ENOT optimization package

enot.optimize package contains optimizer definitions for three main neural architecture search stages.

To optimize a neural network architecture, you should do the following:

  • Train the search space (pretrain)

  • Search for the optimal architecture (search)

  • Tune obtained model (tune)

build_enot_optimizer(phase_name, model, optimizer, **options)

Builds and returns ENOT optimizer according to the given phase name.

Parameters
  • phase_name ({"pretrain", "search", "train"}) – Name of the phase. Must be one of {“pretrain”, “search” or “train”}.

  • model (torch.nn.Module) – PyTorch model to optimize.

  • optimizer (torch.optim.Optimizer) – PyTorch optimizer to be replaced with the ENOT optimizer.
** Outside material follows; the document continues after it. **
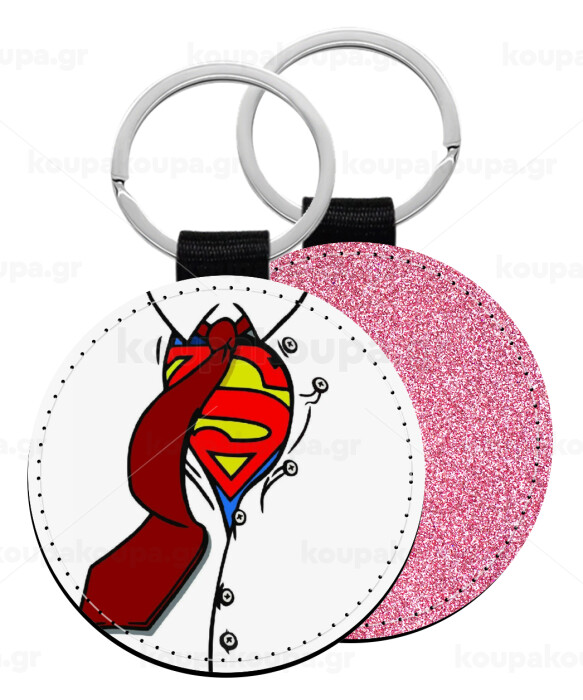 SuperDad, Μπρελόκ Δερματίνη, στρογγυλό ΡΟΖ (5cm)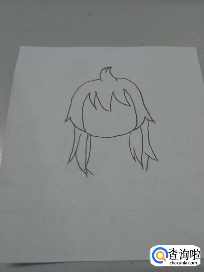 从头发往下,两侧再画一层锯齿形状,这是少女垂下来的长头发。

  • options – ENOT optimizer options.

Returns

Suitable ENOT optimizer instance.

Return type

BaseEnotOptimizer

Raises
  • ValueError – If got unknown phase name or unknown optimizer options.

  • TypeError – If model type is not suitable for the selected phase. Or, if optimizer instance is not a subclass of torch.optim.Optimizer.

Search space pre-training

Neural architecture search starts with the search space creation and its pretrain procedure for further selection of the best operations.

class EnotPretrainOptimizer(search_space, optimizer, check_recommended_optimizations=True, **options)

ENOT optimizer for pretrain phase.

Parameters
__init__(search_space, optimizer, check_recommended_optimizations=True, **options)
Parameters
  • search_space (SearchSpaceModel) – Search space model to optimize.

  • optimizer (torch.optim.Optimizer) – PyTorch optimizer to be replaced with the ENOT optimizer.

  • check_recommended_optimizations (bool, optional) – Whether to use recommended ENOT optimizations. Default value is True.

  • options – Other experimental options (should be ignored by user).

add_param_group(param_group)

Call add_param_group of the wrapped optimizer.

Parameters

param_group (dict with str keys) – Parameter group description to add to user optimizer.

Return type

None

load_state_dict(state_dict)

Call load_state_dict of the wrapped optimizer.

Parameters

state_dict (dict with str keys) – State dict to be loaded to user optimizer instance.

Return type

None

property model: torch.nn.modules.module.Module

Model passed to the constructor.

Returns

PyTorch model passed to the Enot optimizer constructor.

Return type

torch.nn.Module

model_step(closure)

Perform gradient accumulation step.

Besides gradient computation, this method performs ENOT internal ENOT algorithms and utility configurations.

To accumulate gradients, this method must perform complete gradient computation cycle, which consists of forward step following by backward step. To achieve this, it requires user-defined closure, which encapsulates both of these steps.

It is usually enough to calculate model predictions, compute loss function by using model predictions, and then apply backprop algorithm to compute model parameter’s gradients by calling loss.backward().

In more sophisticated situations, you should contact ENOT team to make sure that in your situation it is possible to use our current API and that nothing would go wrong.

This function must be used in conjunction with the step function.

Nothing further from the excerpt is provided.